◆ Stored records ◆
+ + + + +

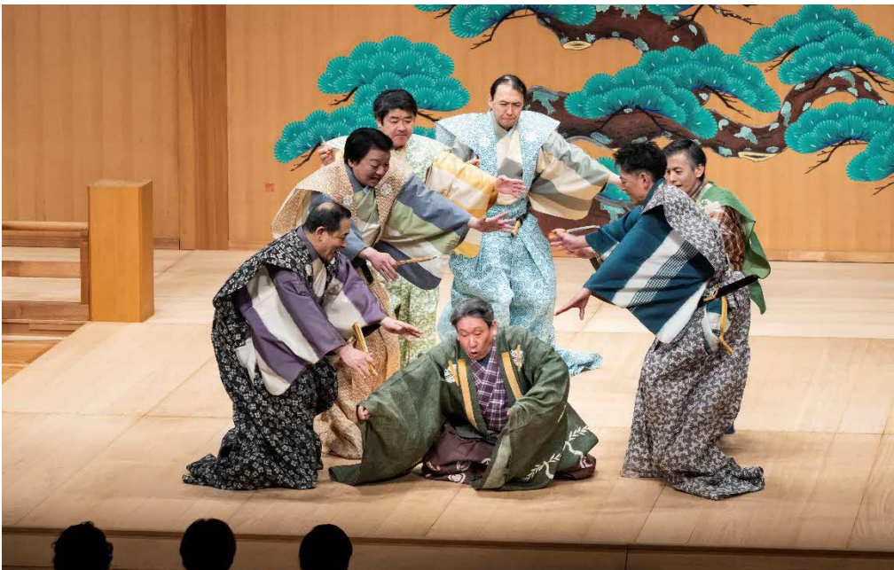
2/8 メシアター狂言会
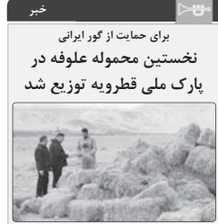
برای حمایت از گور ایرانی نخستین محموله علعوفه در پارک ملی قطریه توزیع شد

در راستای اجرای تفاهنامه حمایت از گور ایرانی نخستین یخس از محموله ۲۰ تنی علعوفه از سوی مجتمع فولاد غدیر نیز به پارک ملی قطریه ارسال و در محل‌های از پیش تعیین‌شده توزیع شد. به گزارش روابط عمومی مجتمع فولاد غدیر نی یخس به دنبال امضای تفاهنامه مشترک میان این مجتمع و سازمان حفاظت از محیط زیست در نمایشگاه محیط زیست در ۵ام سال جاری، اولین اقدام عملی برای حمایت از گور ایرانی اجرائی شد. بر این اساس، در این مرحله قرار است ۲۰ تن علعوفه برای تأمین نیازهای زیستی گور ایرانی به پارک ملی قطریه ارسال شود که در مرحله اول محموله ۱۰ تنی علعوفه به این منظور در منطقه حفاظت شده پارک ملی قطریه و در نقاط از پیش تعیین‌شده توزیع شد. این اقدام با هدف حفظ و تقویت جمعیت این گونه ارزشمند و حمایت از زیستگاههای آن انجام شده است. مسئولان این پروژه از آمادگی و همکاری مردم در این حمایت‌ها بزرگ ملی ترحم و بی‌شمار در اختیار جنوین آن منطقه حفاظت شده به‌پرام گور پرآکنگی دارند. در سنوخت حفاظت شده پارک ملی قطریه ۱۳۰۰ تن علعوفه برای توزیع به‌پرام گور ایرانی قرار داده شده است که با ناچار وارد خارج اطراف پارک شده و در مسیر برکت با ذورعلاج عبوری برخورد و در برخی موارد تلفی می‌شوند.
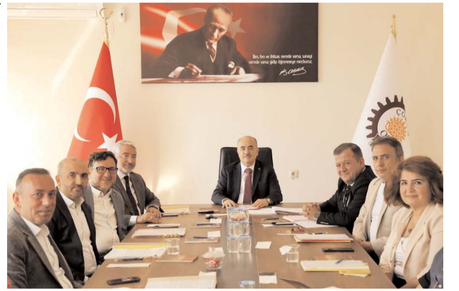
Toplantıda gündem maddeleri görüşüldü.
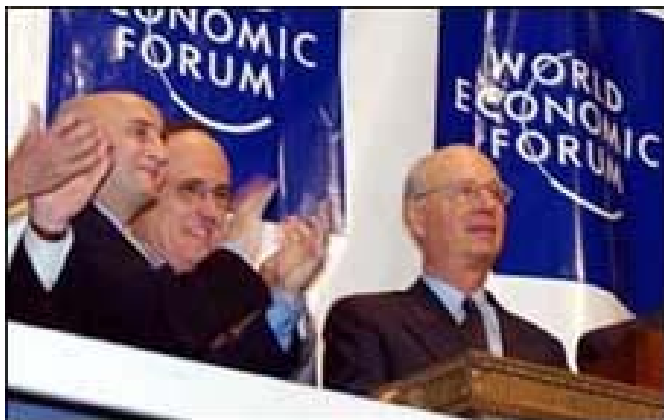
Klaus Schwab, fundador del Fòrum Econòmic Mundial, i altres participants a l'acte de cloenda, 31/01/2005.
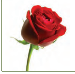
هَذِهِ، وردَةٌ جَمِيلَةٌ.
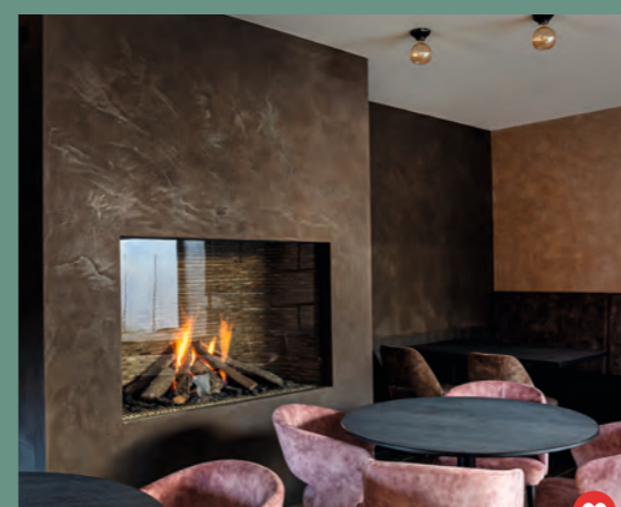
Schilder- & decoratiewerken JPS #BrasserieM #stucdechaux #CalcoOriginal #100%ambiance #WarmGravel #ELJadida #effetwaouw
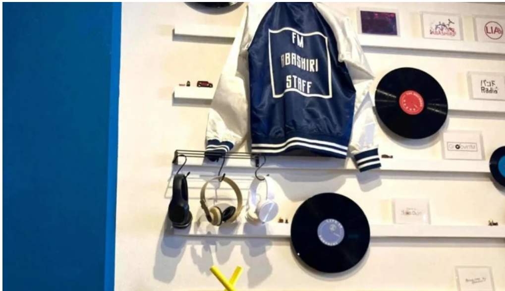
Liacafe comentario 1
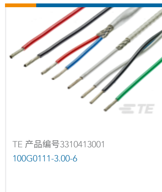
TE 产品编号3310413001 100G0111-3.00-6
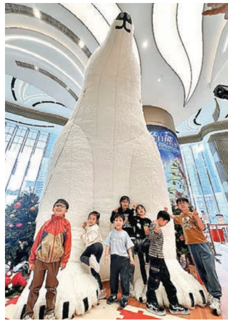
身高5米的「波士熊」最受小朋友歡迎，紛紛拍照留念。

間」打造聖誕氣氛，成功吸引人流。該活動設計一條「熊出沒路線」，以7隻形態不同的北極熊裝置貫穿市中心室內和戶外不同地點，包括公共運輸交匯處、花園平台等空間，讓市民依據設計的路線穿梭遊走。
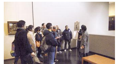
施設見学の様子(館内)
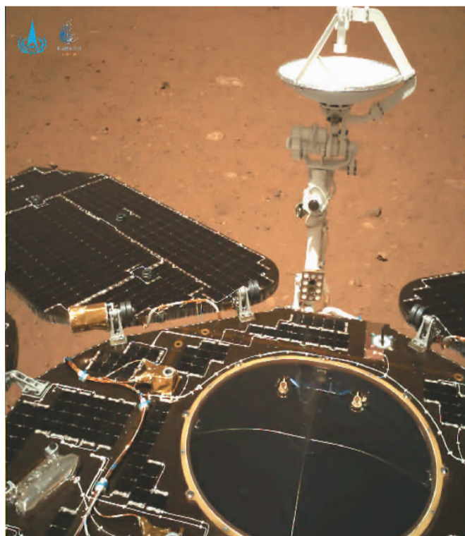
国家航天局发布天问一号着陆过程两器分离和落火影像。该图由导航相机拍摄, 镜头指向火星车尾部。

新华社北京5月19日电 (记者胡喆) 5月19日, 国家航天局发布我国首次火星探测任务天问一号探测器着陆过程两器分离和着陆后火星车拍摄的影像。图像中, 着陆平台驶离坡道以及祝融号火星车太阳翼、天线等机构展开正常到位。
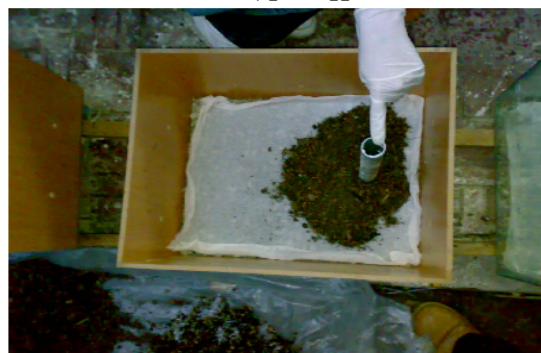
شکل شماره (۲): محفظه نگهداری در حال اضافه کردن مواد بستری
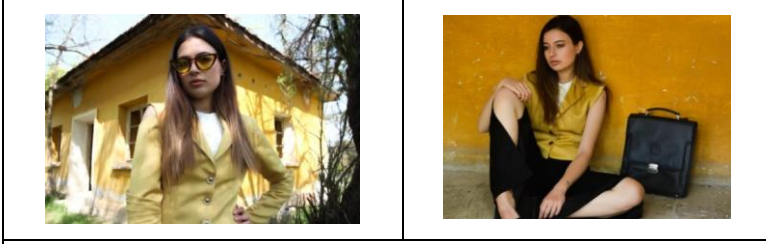
5a: Tasarım: Ecem Akkabak / Tema: Maskülenliğin Femeninliğe Dönüşümü / Mekân: Eskişehir, Odunpazarı, Yeni Sofça Köyü Okul Binası

bulunmaktadır ve Arasta Çarşısı'ndaki çeşme de onun birebir kopyasıdır. ("Kırım Üzerine Notlar 1", 2020)
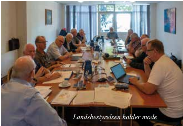
Landsbestyrelsen holder møde

Jeg havde den ære at repræsentere jer for første gang som kredsformand ved Landsbestyrelsesmødet fredag den 15. september i Fredericia.
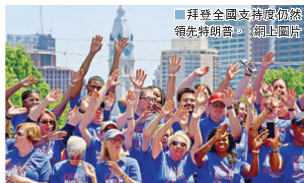
■拜登全國支持度仍然領先特朗普。
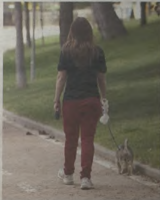
La Ordenanza fue aprobada por unanimidad.

- Aunque es algo que deberá concretarse más adelante, esta ordenanza deja la puerta abierta a que los perros no peligrosos se puedan soltar por la noche en determinadas zonas establecidas por el Ayuntamiento. En verano podrán soltarse de 11 a 8,30 horas y en invierno de 20 a 8,30 horas. Los dueños deberán estar pendientes en todo momento de sus animales.
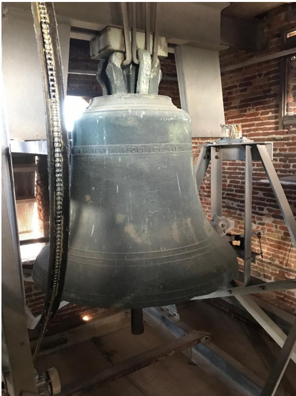
Klok in toren van De Burght
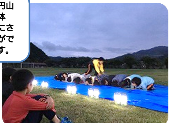
4日目（港東小学校特設ステージ） 夕べの集いでスタンツを発表しました。仲間と創りあげた最高の思い出！
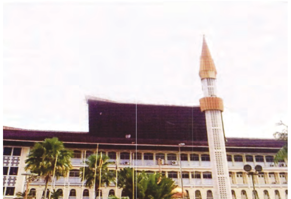
JABATAN / Kementerian Hal Ehwal Ugama (lama).

Kedua : Langkah Al-Marhum Sultan Haji Omar 'Ali Saifuddin Sa'adul Khairi Waddien mendahulukan terlaksananya pendidikan agama peringkat rendah yang menggunakan bahasa Melayu pada tahun 1956 itu adalah tepat, supaya pencapaian pengajaran agama itu lebih mudah dan
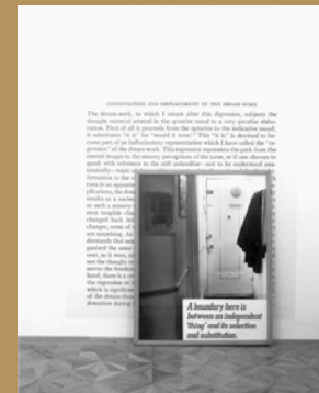
Joseph Kosuth, »O.&A./FID!(TO I. K. AND G. F.)«, Siebdruck, Fotografie gerahmt, 1987.
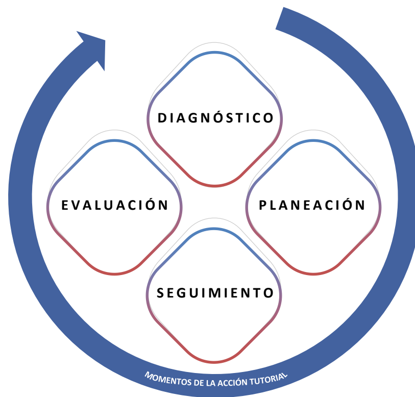
Ilustración 6 - Momentos a considerar para el desarrollo de las acciones tutoriales.
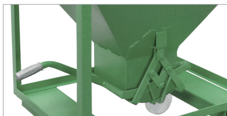
Fermeture spéciale par leviers croisés (SR, SG, SRE)
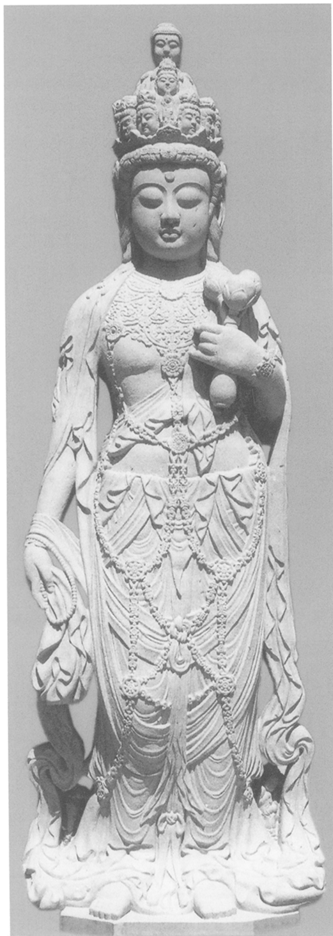
「十一面観音菩薩立像」愛知県の額田中目石 H404.5×W139.3×D78.7 愛知県西尾市の浄名寺に本体4m同像建立
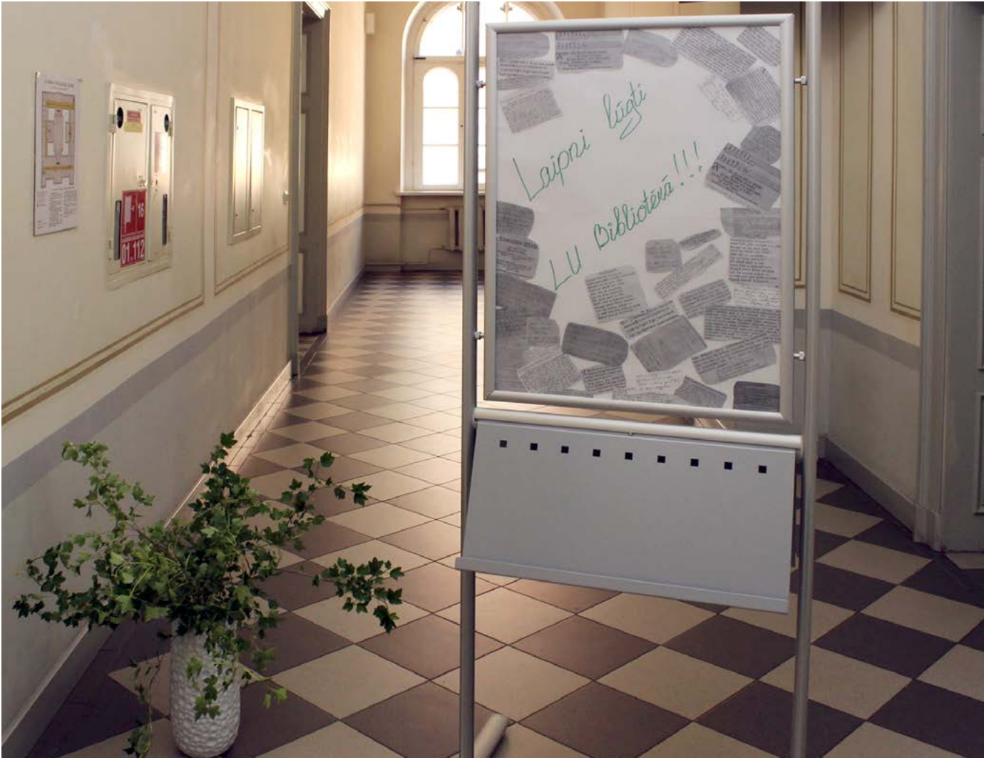
LU Bibliotēka Raiņa bulvārī gatava sagaidīt Muzeju nakts apmeklētājus.

+ + + + +

◆ BRIEF ◆
Your task is to repeat the entries above exactly, omitting the pictures.

◆ ANSWER AREA ◆
2/8 メシアター狂言会
برای حمایت از گور ایرانی نخستین محموله علعوفه در پارک ملی قطریه توزیع شد

در راستای اجرای تفاهنامه حمایت از گور ایرانی نخستین یخس از محموله ۲۰ تنی علعوفه از سوی مجتمع فولاد غدیر نیز به پارک ملی قطریه ارسال و در محل‌های از پیش تعیین‌شده توزیع شد. به گزارش روابط عمومی مجتمع فولاد غدیر نی یخس به دنبال امضای تفاهنامه مشترک میان این مجتمع و سازمان حفاظت از محیط زیست در نمایشگاه محیط زیست در ۵ام سال جاری، اولین اقدام عملی برای حمایت از گور ایرانی اجرائی شد. بر این اساس، در این مرحله قرار است ۲۰ تن علعوفه برای تأمین نیازهای زیستی گور ایرانی به پارک ملی قطریه ارسال شود که در مرحله اول محموله ۱۰ تنی علعوفه به این منظور در منطقه حفاظت شده پارک ملی قطریه و در نقاط از پیش تعیین‌شده توزیع شد. این اقدام با هدف حفظ و تقویت جمعیت این گونه ارزشمند و حمایت از زیستگاههای آن انجام شده است. مسئولان این پروژه از آمادگی و همکاری مردم در این حمایت‌ها بزرگ ملی ترحم و بی‌شمار در اختیار جنوین آن منطقه حفاظت شده به‌پرام گور پرآکنگی دارند. در سنوخت حفاظت شده پارک ملی قطریه ۱۳۰۰ تن علعوفه برای توزیع به‌پرام گور ایرانی قرار داده شده است که با ناچار وارد خارج اطراف پارک شده و در مسیر برکت با ذورعلاج عبوری برخورد و در برخی موارد تلفی می‌شوند.
Toplantıda gündem maddeleri görüşüldü.
Klaus Schwab, fundador del Fòrum Econòmic Mundial, i altres participants a l'acte de cloenda, 31/01/2005.
هَذِهِ، وردَةٌ جَمِيلَةٌ.
Schilder- & decoratiewerken JPS #BrasserieM #stucdechaux #CalcoOriginal #100%ambiance #WarmGravel #ELJadida #effetwaouw
Liacafe comentario 1
TE 产品编号3310413001 100G0111-3.00-6
身高5米的「波士熊」最受小朋友歡迎，紛紛拍照留念。

間」打造聖誕氣氛，成功吸引人流。該活動設計一條「熊出沒路線」，以7隻形態不同的北極熊裝置貫穿市中心室內和戶外不同地點，包括公共運輸交匯處、花園平台等空間，讓市民依據設計的路線穿梭遊走。
施設見学の様子(館内)
国家航天局发布天问一号着陆过程两器分离和落火影像。该图由导航相机拍摄, 镜头指向火星车尾部。

新华社北京5月19日电 (记者胡喆) 5月19日, 国家航天局发布我国首次火星探测任务天问一号探测器着陆过程两器分离和着陆后火星车拍摄的影像。图像中, 着陆平台驶离坡道以及祝融号火星车太阳翼、天线等机构展开正常到位。
شکل شماره (۲): محفظه نگهداری در حال اضافه کردن مواد بستری
5a: Tasarım: Ecem Akkabak / Tema: Maskülenliğin Femeninliğe Dönüşümü / Mekân: Eskişehir, Odunpazarı, Yeni Sofça Köyü Okul Binası

bulunmaktadır ve Arasta Çarşısı'ndaki çeşme de onun birebir kopyasıdır. ("Kırım Üzerine Notlar 1", 2020)
Landsbestyrelsen holder møde

Jeg havde den ære at repræsentere jer for første gang som kredsformand ved Landsbestyrelsesmødet fredag den 15. september i Fredericia.
■拜登全國支持度仍然領先特朗普。
La Ordenanza fue aprobada por unanimidad.

- Aunque es algo que deberá concretarse más adelante, esta ordenanza deja la puerta abierta a que los perros no peligrosos se puedan soltar por la noche en determinadas zonas establecidas por el Ayuntamiento. En verano podrán soltarse de 11 a 8,30 horas y en invierno de 20 a 8,30 horas. Los dueños deberán estar pendientes en todo momento de sus animales.
Klok in toren van De Burght
4日目（港東小学校特設ステージ） 夕べの集いでスタンツを発表しました。仲間と創りあげた最高の思い出！
JABATAN / Kementerian Hal Ehwal Ugama (lama).

Kedua : Langkah Al-Marhum Sultan Haji Omar 'Ali Saifuddin Sa'adul Khairi Waddien mendahulukan terlaksananya pendidikan agama peringkat rendah yang menggunakan bahasa Melayu pada tahun 1956 itu adalah tepat, supaya pencapaian pengajaran agama itu lebih mudah dan
Joseph Kosuth, »O.&A./FID!(TO I. K. AND G. F.)«, Siebdruck, Fotografie gerahmt, 1987.
Ilustración 6 - Momentos a considerar para el desarrollo de las acciones tutoriales.
Fermeture spéciale par leviers croisés (SR, SG, SRE)
「十一面観音菩薩立像」愛知県の額田中目石 H404.5×W139.3×D78.7 愛知県西尾市の浄名寺に本体4m同像建立
LU Bibliotēka Raiņa bulvārī gatava sagaidīt Muzeju nakts apmeklētājus.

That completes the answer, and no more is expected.